Click + New Mission to open the creation dialog:

Configure your mission:

1. Workspace - Select where the mission runs:

   • Host (default) - Direct access to your system
   • Isolated containers - Sandboxed environments for projects

2. Agent - Choose the AI model:

   • Smart Mode - Balanced performance (recommended)
   • Rush Mode - Faster responses
   • Custom agents - Your configured agents (Sisyphus, Prometheus, etc.)
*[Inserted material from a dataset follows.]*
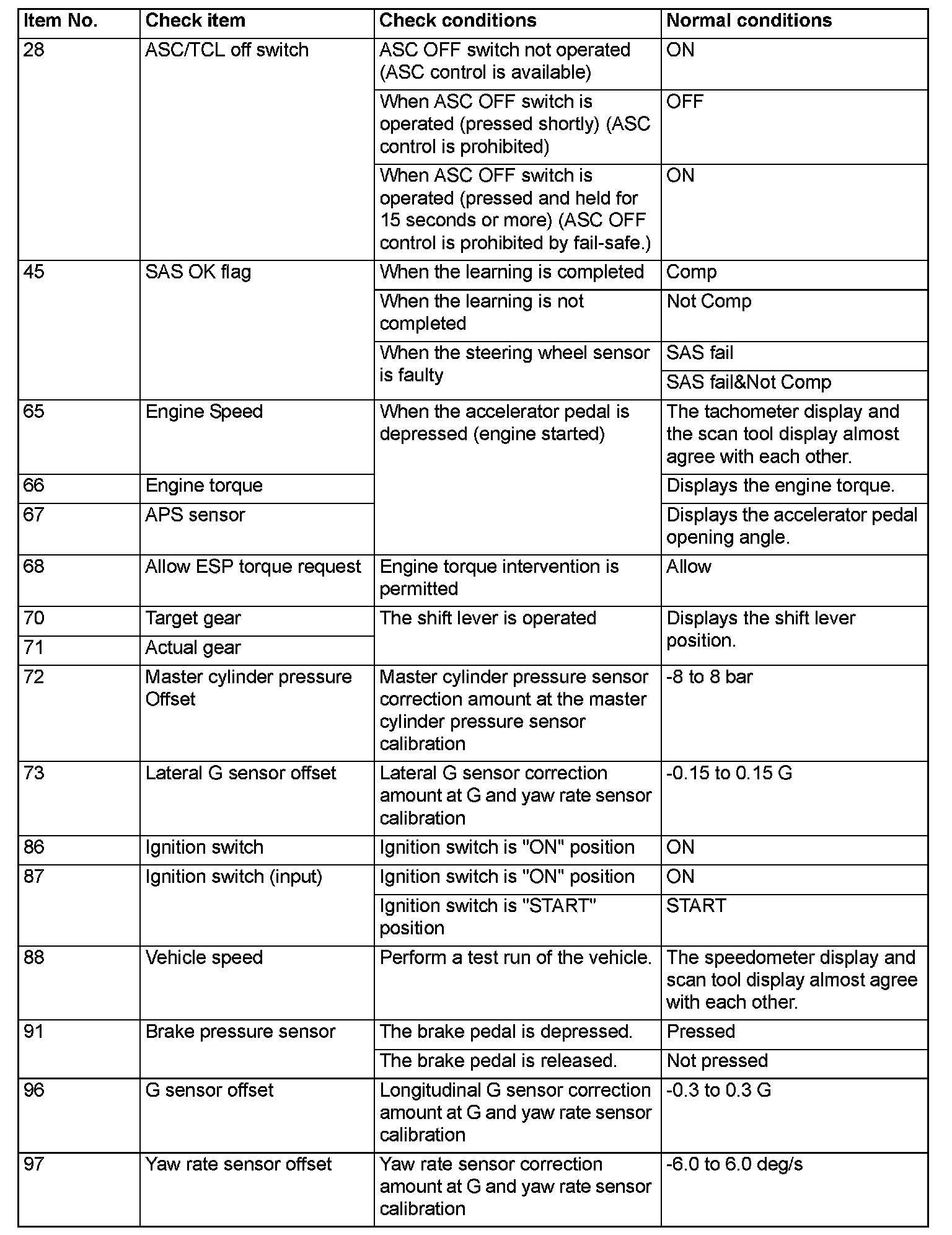 The following items of ECU input data can be read using the scan tool.
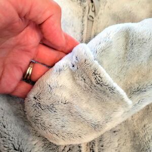Super soft! Can keep hands covered or uncovered. Zip in the front. 100% Polyester. Chest:12" from armpit to armpit. Inseam:9". Length:19" from the armpit down. Smoke-free, pet-free home.

3. Model Override (optional) - Force a specific model for this mission:

   • Claude Code: use a raw model ID (e.g., claude-opus-4-6)
   • Codex: use a raw model ID (e.g., gpt-5.4 or gpt-5.3-codex)
   • OpenCode: use provider/model (e.g., openai/gpt-5.4)
   • Model effort: set effort separately (low, medium, high, xhigh) instead of encoding it in the model ID

4. Config Profile - Override settings (optional):

   • Default - Use workspace configuration
   • Custom profiles - Specific model/mode overrides

5. Click Create here to start the mission in the current tab, or New Tab to open in a new window

6.3 Interact with Your Agent

Once created, you can:

• Send messages - Type tasks in the message box
• Upload files - Drag and drop or paste files directly
• Monitor progress - Watch real-time output and thinking process
• Queue messages - Send multiple tasks while the agent is busy

Example first message:

Please help me understand the structure of this codebase and create a README documenting the main components.

Next Steps

Now that you're set up, explore these features:

Workspace Management

• Create isolated workspaces for different projects
• Configure workspace templates with pre-installed tools
• Use containers for safe experimentation

Library Customization

• Create custom skills for your workflows
• Add project-specific commands
• Define reusable tools and functions
• Set up behavioral rules for agents

Advanced Configuration

• Configure multiple config profiles for different scenarios
• Set up MCP servers for extended functionality
• Create custom agents with specific capabilities
• Configure AI provider API keys securely

Monitoring and Debugging

• View mission logs and outputs
• Monitor resource usage
• Track agent thinking process
• Review mission history

Troubleshooting

Backend Connection Issues

Problem: "Failed to connect to backend"

Solutions:

1. Verify the backend is running: curl http://localhost:3000/api/health
2. Check the API URL in Settings > System
3. Ensure no firewall is blocking the connection
4. For remote backends, verify HTTPS/SSL certificates

Library Sync Errors

Problem: "Failed to sync library"

Solutions:

1. Check Git credentials (SSH keys or HTTPS tokens)
2. Verify repository permissions
3. Use Sync button to force refresh
4. Check Settings > Data > Library Remote URL

Mission Creation Fails

Problem: "Failed to create mission"

Solutions:

1. Verify AI provider API keys (Settings > Providers)
2. Check workspace exists and is accessible
3. Ensure backend has sufficient resources
4. Review backend logs for error details

Configuration Not Applied

Problem: Changes to config files don't take effect

Solutions:

1. Ensure you clicked Save in the config editor
2. Check Git status shows "Clean" (changes committed)
3. Restart the mission or create a new one
4. Verify the correct config profile is selected

Getting Help

• Documentation: https://github.com/Th0rgal/sandboxed-sh/tree/master/docs
• Issues: https://github.com/Th0rgal/sandboxed-sh/issues
• Discussions: https://github.com/Th0rgal/sandboxed-sh/discussions

Summary

You've learned how to:

• ✅ Configure backend connection
• ✅ Set up your library repository
• ✅ Browse and edit skills
• ✅ Configure AI harness settings
• ✅ Create and manage missions

Start experimenting with your first mission and explore the powerful features sandboxed.sh offers for AI-powered development workflows!